▶ **ASSIGNED TASK**: Please print nothing but the lines from the one with "今日有雪,阿寒湖全线结冰,冰" to the last line of the records below, and omit pictures.

▶ **DATASET**:
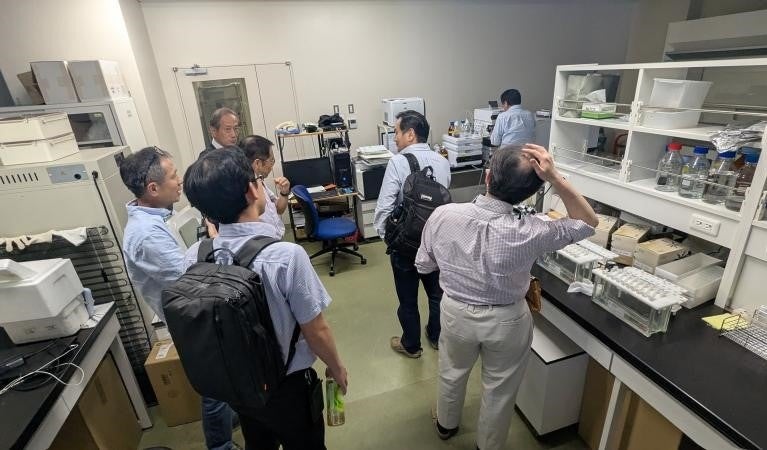 ミーティング後には資源植物科学研究所内の実験室見学を行った後、同じく所内の孫三郎ラウンジにて交流会を開催し、研究者同士の相互理解を深めるとともに、異分野間での対話のきっかけとなりました。
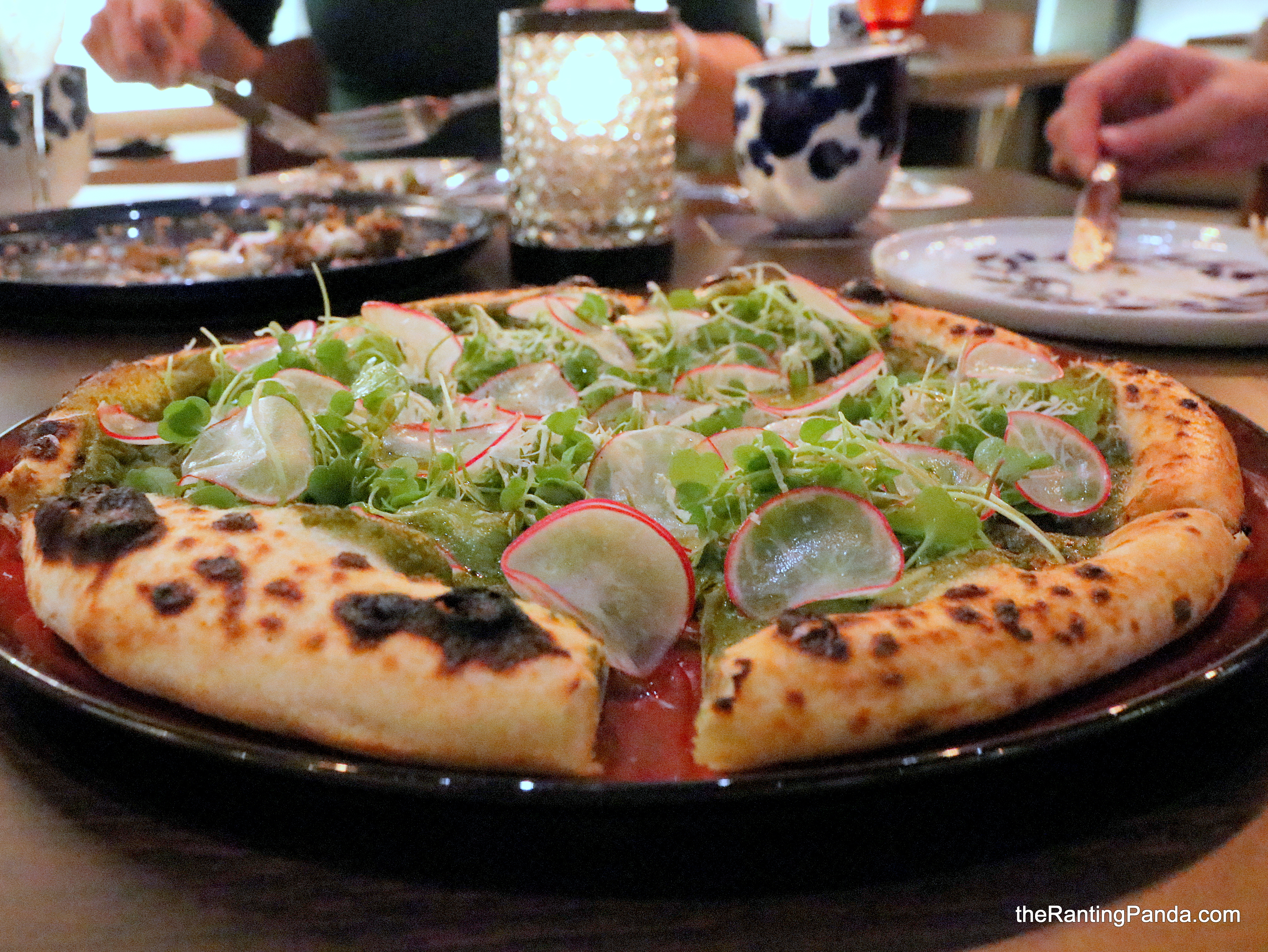There are quite a number of pizza options though the one which easily stood out for all of us is the Bone Marrow, Wild Garlic Pesto and Anchovy Salsa Verde (S$29). We didn’t spit actually bone marrow on the pizza, hence we concluded that the bone marrow oil and flavour is already infused in the crust. Sinfully oily, this was nevertheless very satisfying. I enjoyed the generous spread of pesto on the crust which is a good attempt to balance the overall flavours. The pizza crust is neither too thick nor thin. I was satisfied.
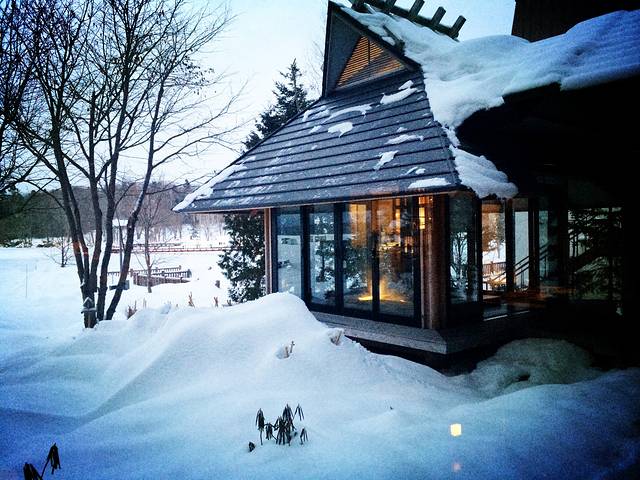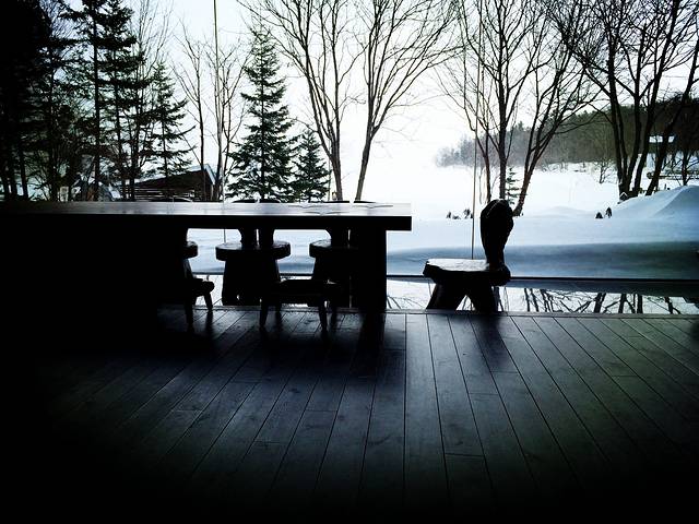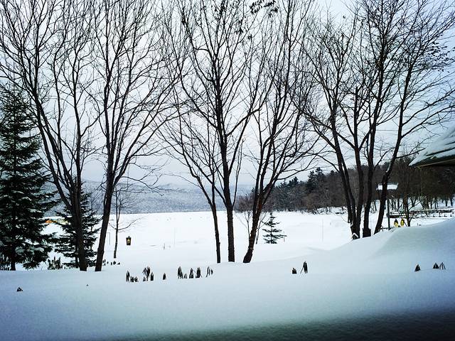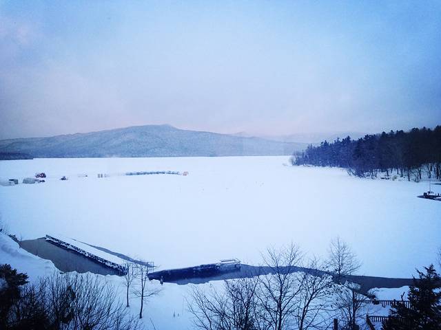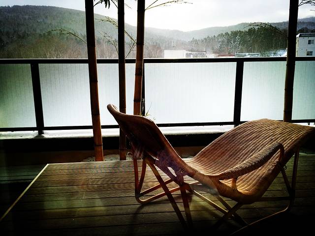 今日有雪,阿寒湖全线结冰,冰面上搭着帐篷,似乎是用来凿冰垂钓。在阿寒的几天行程都特别松散,因为主要目的是放松,所以一味吃吃睡睡,把特地带来的唱片拿出来听,看书,到附近闲逛,整理照片。因为昨天入住时对房间格局十分满意,遗憾当时在booking上只订了普通房,风景到底有限,于是咬咬牙升级到湖景房,可以和大堂一样看到一整片白茫茫的阿寒湖。工作人员通知上午十点完成换房,于是早起先泡汤(看,又是洗澡),再次感受头顶飘着飞雪身体泡在热水里的奇特感觉,泡完就去旁边的小房间汗蒸,然后喝一杯冰牛奶,皮肤滑滑的,整个人顿感通透。
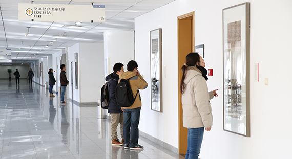 据记者了解,“中国历代传世经典绘画展廊”项目,是北航“校园人文艺术氛围提升计划(一期)”的重要内容。不久前,该项目组已在新主楼二层环廊里添置了40余套公共桌椅、近200个座位供同学和老师进行交流、学习或举办沙龙活动,为师生提供了一处自由、开放、舒适的互动交流公共空间。
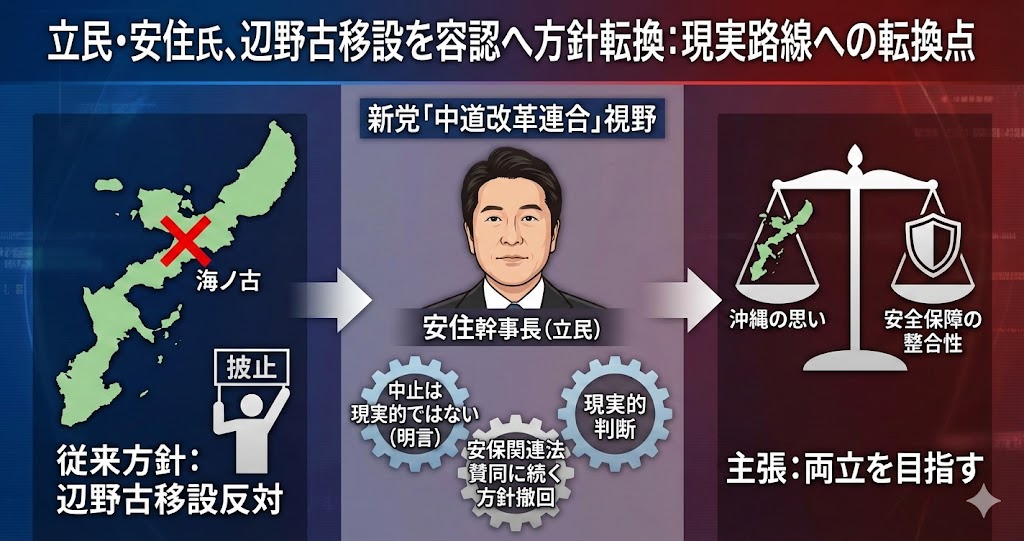 引用元: 【辺野古移設】立民の安住幹事長、辺野古移設に「中道が政権を担うことになれば、ストップすることは現実的ではない」方針説明
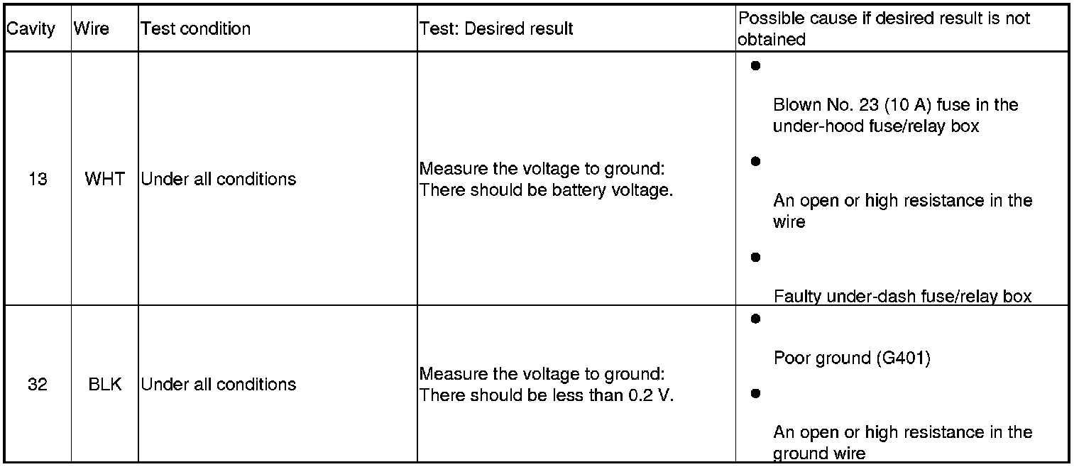 6. Reconnect the connectors to the under-dash fuse/relay box, and do the following input tests.
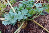 Celery root in pot in greenhouse, waiting for harvest
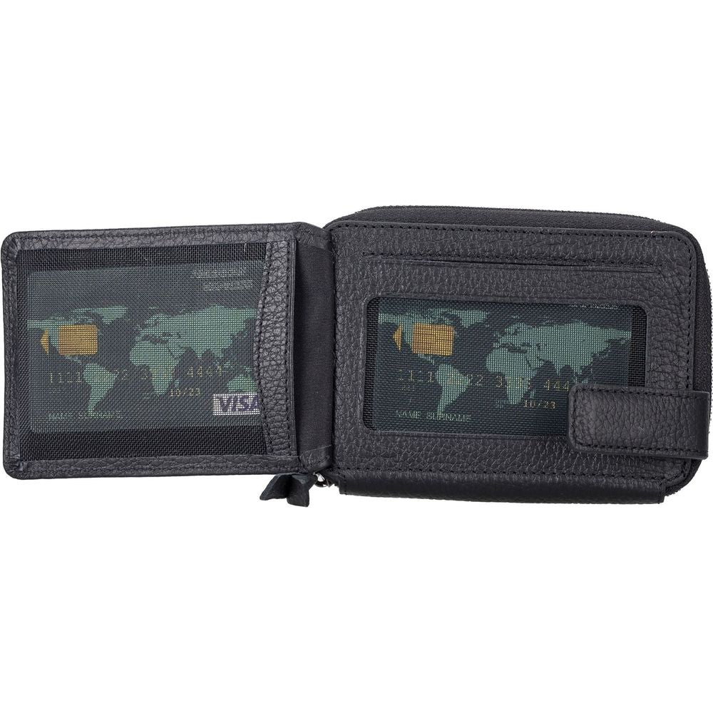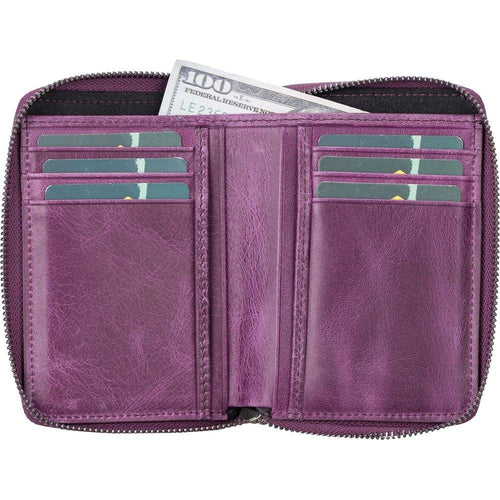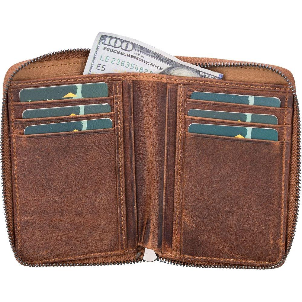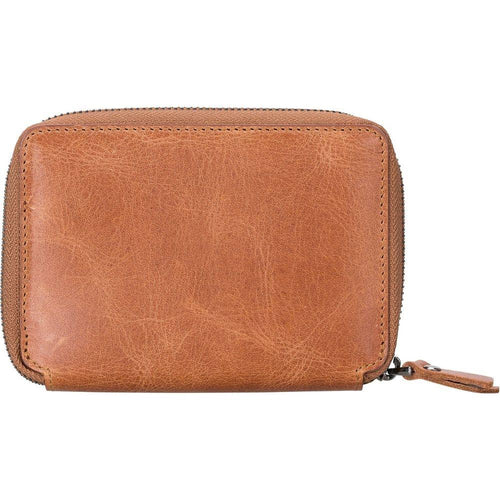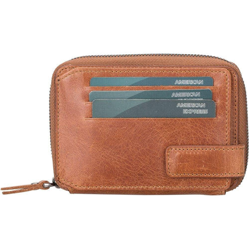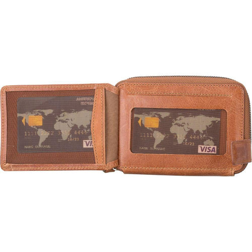 Introducing the Powell Handmade Unisex Leather Wallet with Zippered Compartment: Model Elegance 2021. A Luxurious Essential for Both Men and Women in Tan, Dark Brown, Black, or Purple.

▶ **ANSWER SPACE**:
 今日有雪,阿寒湖全线结冰,冰面上搭着帐篷,似乎是用来凿冰垂钓。在阿寒的几天行程都特别松散,因为主要目的是放松,所以一味吃吃睡睡,把特地带来的唱片拿出来听,看书,到附近闲逛,整理照片。因为昨天入住时对房间格局十分满意,遗憾当时在booking上只订了普通房,风景到底有限,于是咬咬牙升级到湖景房,可以和大堂一样看到一整片白茫茫的阿寒湖。工作人员通知上午十点完成换房,于是早起先泡汤(看,又是洗澡),再次感受头顶飘着飞雪身体泡在热水里的奇特感觉,泡完就去旁边的小房间汗蒸,然后喝一杯冰牛奶,皮肤滑滑的,整个人顿感通透。
 据记者了解,“中国历代传世经典绘画展廊”项目,是北航“校园人文艺术氛围提升计划(一期)”的重要内容。不久前,该项目组已在新主楼二层环廊里添置了40余套公共桌椅、近200个座位供同学和老师进行交流、学习或举办沙龙活动,为师生提供了一处自由、开放、舒适的互动交流公共空间。
 引用元: 【辺野古移設】立民の安住幹事長、辺野古移設に「中道が政権を担うことになれば、ストップすることは現実的ではない」方針説明
 6. Reconnect the connectors to the under-dash fuse/relay box, and do the following input tests.
 Celery root in pot in greenhouse, waiting for harvest
 Introducing the Powell Handmade Unisex Leather Wallet with Zippered Compartment: Model Elegance 2021. A Luxurious Essential for Both Men and Women in Tan, Dark Brown, Black, or Purple.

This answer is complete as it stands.